Short courses of lansoprazole (4 to 8 weeks) carry minimal risk for most people. The concerns center on extended use over months or years. Suppressing stomach acid for prolonged periods can interfere with your body’s ability to absorb certain nutrients, particularly magnesium, calcium, and vitamin B12. Low magnesium can cause muscle cramps, irregular heartbeat, and seizures in severe cases. Reduced calcium absorption has been linked to a modest increase in bone fracture risk, particularly hip, wrist, and spine fractures in older adults.

There’s also an association between long-term PPI use and a slightly elevated risk of kidney problems and a type of gut infection caused by the bacterium C. difficile, which thrives when stomach acid isn’t keeping bacteria in check. These risks are why doctors generally recommend using the lowest effective dose for the shortest time necessary, and periodically reassessing whether you still need the medication.

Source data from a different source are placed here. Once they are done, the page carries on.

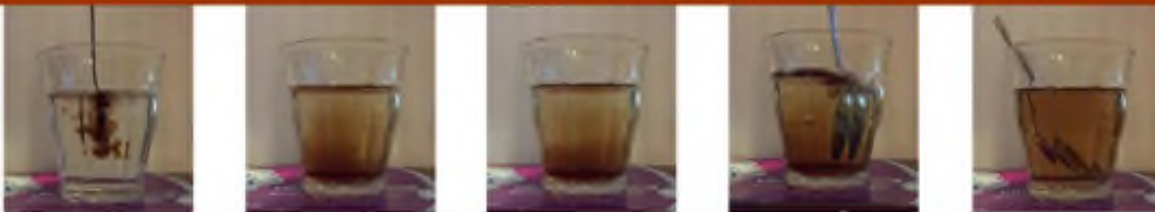
ที่มา: Gustin, J.L., "How the Study of Accident Case Histories Can Prevent Runaway Reaction Accidents to Occur Again." IChemE Symposium Series No. 1411, pp. 27-41, 2001.

เพื่อความปลอดภัย ดูแลเพื่อให้มีการกวนผสมเกิดขึ้นในถังเกิดปฏิกิริยา!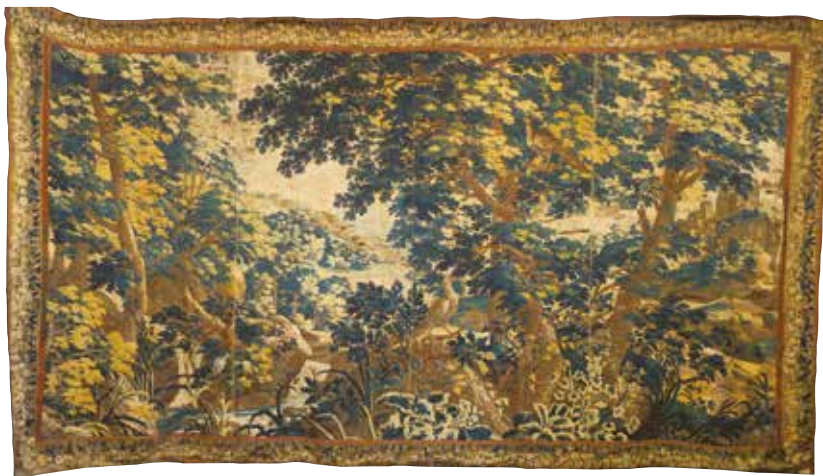
209. TAPISSERIE d'Aubusson d'époque XVIII' à décor d'une verdure avec couple de volatiles près d'une cascade, bordure à décor de fruits et de fleurs. Long. : 5,00 m - Haut. : 2,74 m (usures, réparations) 1500 / 2000 €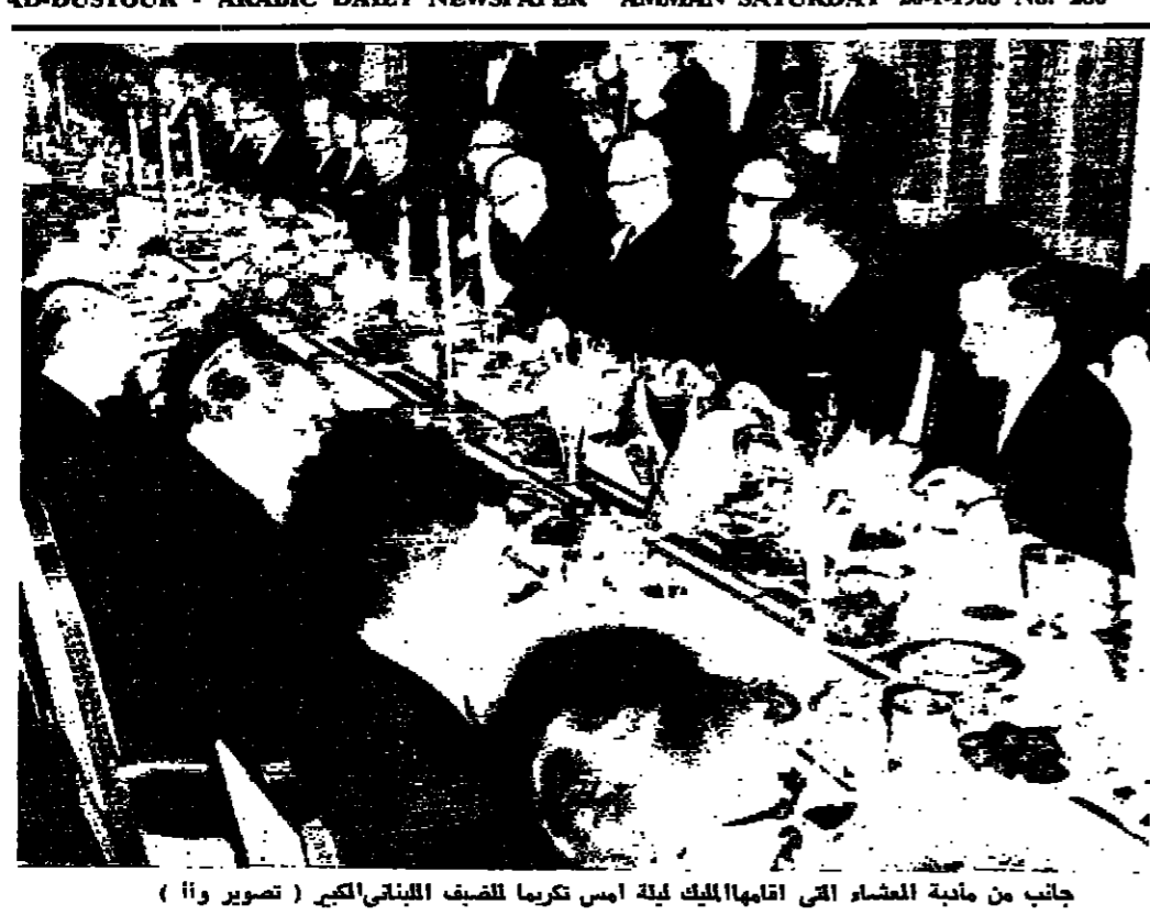
جانب من مائدة العشاء التي اقامها الملك ابي بكر في قصر الحسينية

مطالب اسرائيل من حارات ايلات اصحفت لارضية زعماء اجراء انتقامية الطبعة المحتلة - (خاص بالدستور) - اصحفت الصفحة الاسرائيلية بنصف لأمر حادث اطلاق حركات القبط في ايلات من قبل الفلسطينيين العرب في لطاق الاحتلال . وقد تمسك هذا القسب البيعة على صفحة ٣ عمود ٢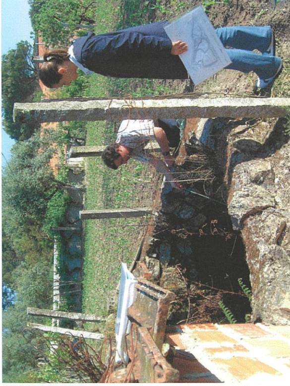
Canas de Senhorim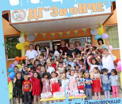
ОДЗ „Звонче“, гр. Панагюрище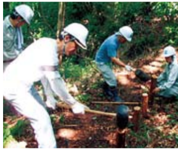
散策路の整備もします

6月9日(土)午後1時〜5時30分。吉沢公民館(上吉沢395)集合。作業に適した服装・靴・帽子で。保険証の写し・雨具。300円。植栽など。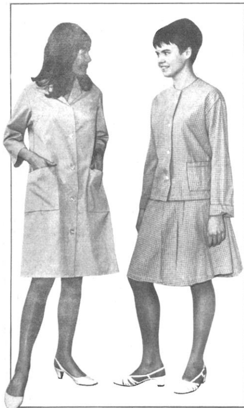
Påklædningen for de kvindelige patienter er der ikke ofret meget på. De skal gå i kittel

Portørerne kan glæde sig. Deres dragt er virkelig blevet mere praktisk og klædelig. I stedet for den gamle uniformsjakke med alle knapperne er der tiltænkt dem benklæder og busseronne med lange eller korte ærmer. Ingen knapper, der falder af.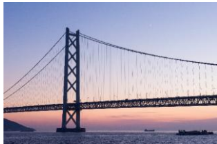
明石海峡大橋（夕方）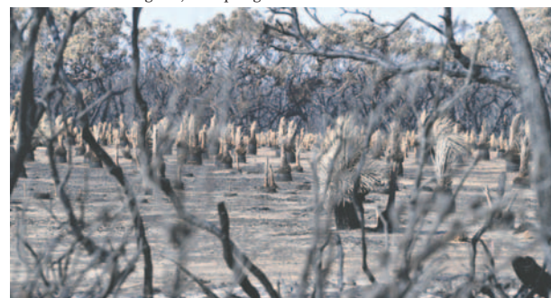
Fotografía de archivo de terreno calcinado durante el conocido como "Verano Negro" en Australia

La temporada de incendios en Australia varía según la zona y las condiciones meteorológicas, aunque ge-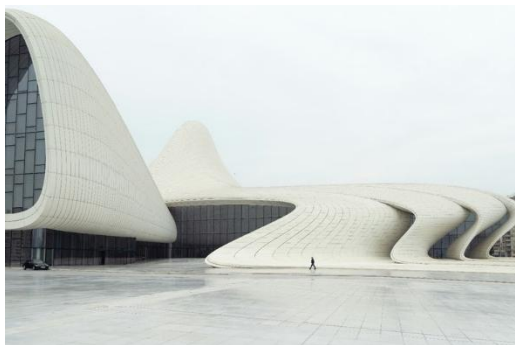
Centro Heydar Aliyev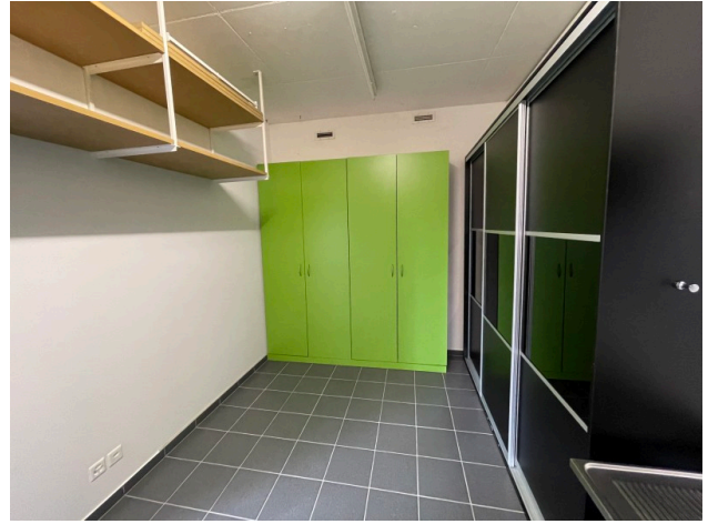
Archiv & Innenraum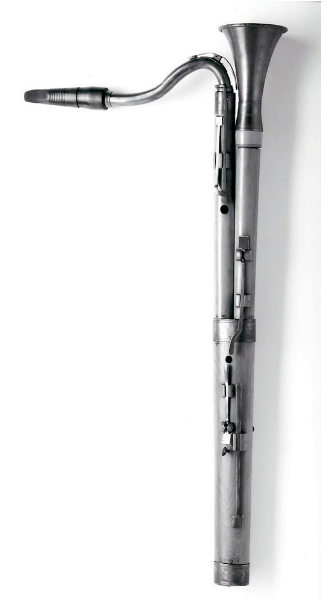
Figure 6 Greaser, clarinette basse en Sib à 9 clefs (Hessisches Landesmuseum, Darmstadt, Kg 67:133), vu frontale et de dos.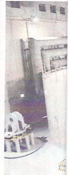
中部電力の徳山水力発電所の建屋地下70メートルにある1号機の発電機。徳山ダムのふもとにたつ建屋。いずれも岐阜県揖斐川町で

鞘に日本刀を収めた格好のデザインで、はさみを開くと刀を合わせたように見える。店頭想定価格は1500円。大きさは10.5センチでペンケースや化粧ポーチに入れて携帯できる大きさにした。職人が刃付けをする手作り品で切れ味が抜群。刀の反りや刃紋、柄の形状にまでこだわったという。同社は戦国武将真田幸村の日本刀を模したはさみなども販売している。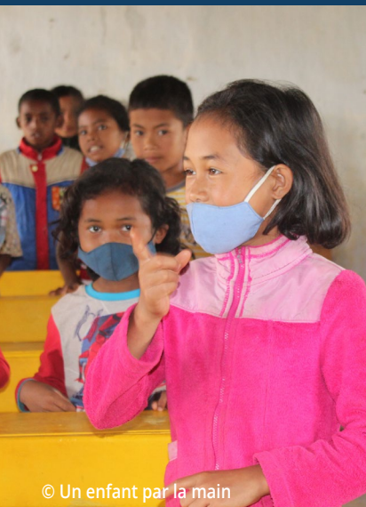
© Un enfant par la main

MADAGASCAR Région Analamanga District d'Ambohidratrimo Commune d'Antanetibe-Mahazaza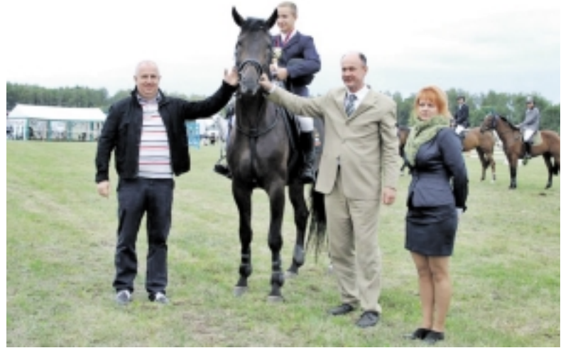
Geriausiai pasirodžiusiems raiteliams buvo įteikiami piniginiai ir rėmėjų prizai.

Turnyrą vainikavo konkūras Nemuno žirgyno taurei laimėti – jame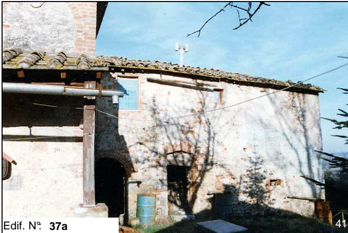
Edif. N° 37a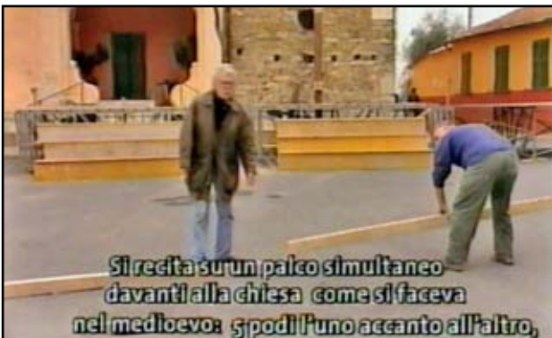
Si recita su un palco simultaneo davanti alla chiesa come si faceva nel medioevo: 5 podi l'uno accanto all'altro,

Interactions With Other Medications

Lansoprazole can affect how other drugs are absorbed or metabolized. Because it raises stomach pH, drugs that need an acidic environment to dissolve properly may not work as well. This includes certain antifungal medications and some HIV treatments.

One interaction worth knowing about involves the blood thinner clopidogrel. Both drugs are processed by the same liver enzyme. The European Society of Cardiology considers the interaction risk with lansoprazole “intermediate,” less concerning than with omeprazole but not as clean as with pantoprazole. At the standard 30 mg dose, lansoprazole does not significantly reduce clopidogrel’s effectiveness. At higher doses (60 mg), it can modestly lower peak blood levels of clopidogrel by about 18%. If you’re on clopidogrel and need a PPI, your doctor may prefer pantoprazole, but standard-dose lansoprazole is generally considered acceptable.